Coronary sinus dilatation has been postulated to cause cardiac arrhythmia by stretching the atrioventricular node and His bundle.13 Central line placement in PLSVC may result in arrhythmia.14,15 In the current study, none of the patients with PLSVC had symptomatic arrhythmia.
Study limitations
Despite the strengths of our methodology and consistency of our findings, this study involved some limitations. Analyses were performed using a single-institution retrospective database, and this database may have missing data, including follow-up data for some patients. In addition, cases of PLSVC without remarkable coronary sinus orifice would have been missed, and other imaging studies such as computed tomography (CT) would have been needed for conformation. Furthermore, PLSVC was found in the study population by newborn screening echocardiography. We had no reason to use CT or other imaging examinations to confirm the diagnosis in such asymptomatic neonates.
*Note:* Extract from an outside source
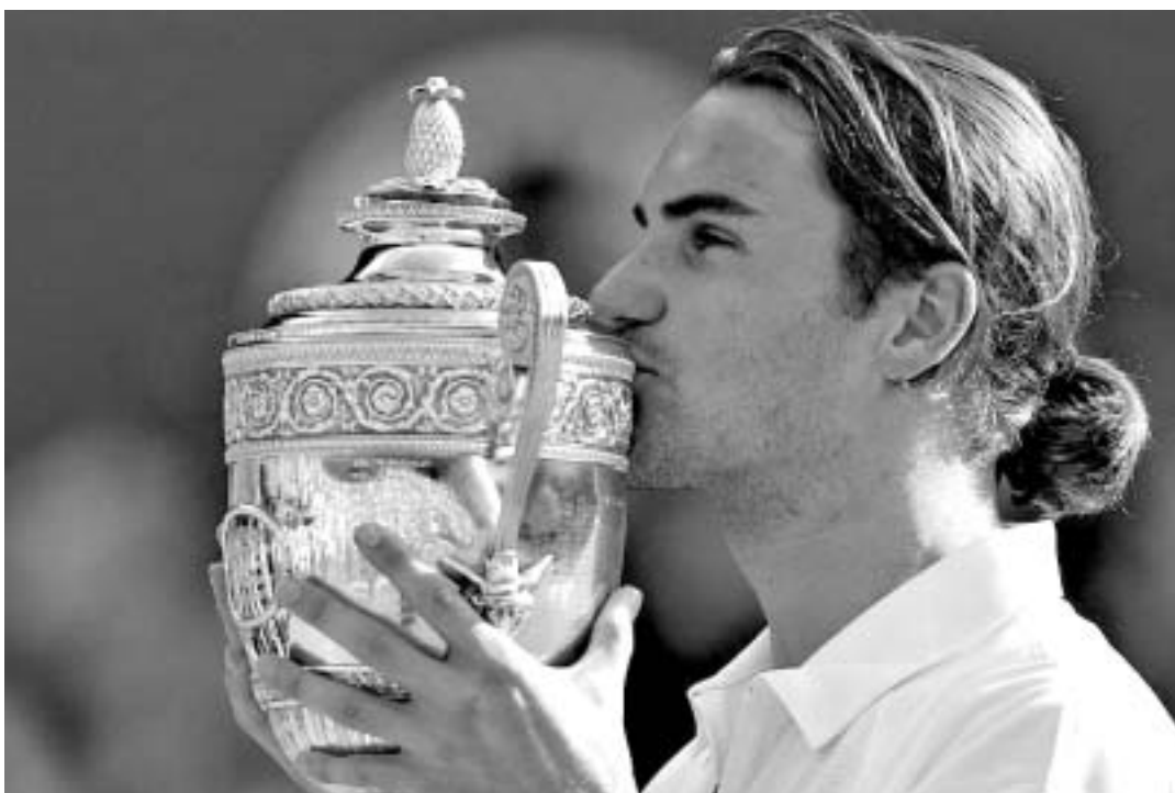
უიმბლდონის შემდეგ ფედერერმა კიდევ ერთი ტურნირის მოგება მოახერხა.

ბრიტანელი გრეგ რუსედსკი ნიუპორტში გამართული პირველობის ტრენინგატორი გახდა. ისე, ერთ დროს ყველაზე ძლიერი მოწოდების მქონე რუსედსკი საერთოდ აღარ ჩანდა პრესტიჟული ტურნირების მეთხედფინალში თუ ნახევა-

This is a limitation of our study design.
CONCLUSIONS
This study was conducted to determine the prevalence of PLSVC in normal populations. We found higher incidence rates of BAV and ASD in the PLSVC group, which required further follow-up. Although PLSVC is usually hemodynamically nonsignificant, undiagnosed PLSVC can cause catastrophic consequences during invasive procedures. If PLSVC is suspected, the anatomy of the thoracic venous system must be identified before conducting invasive cardiac procedures. Furthermore, newborn screening through echocardiography can allow for the early diagnosis of PLSVC to prevent complications during invasive procedures in the future.
Acknowledgments
The authors thank Ms. Fang-Ju Sun for her professional assistance in biostatistics.
CONFLICT OF INTEREST
All the authors declare no conflict of interest.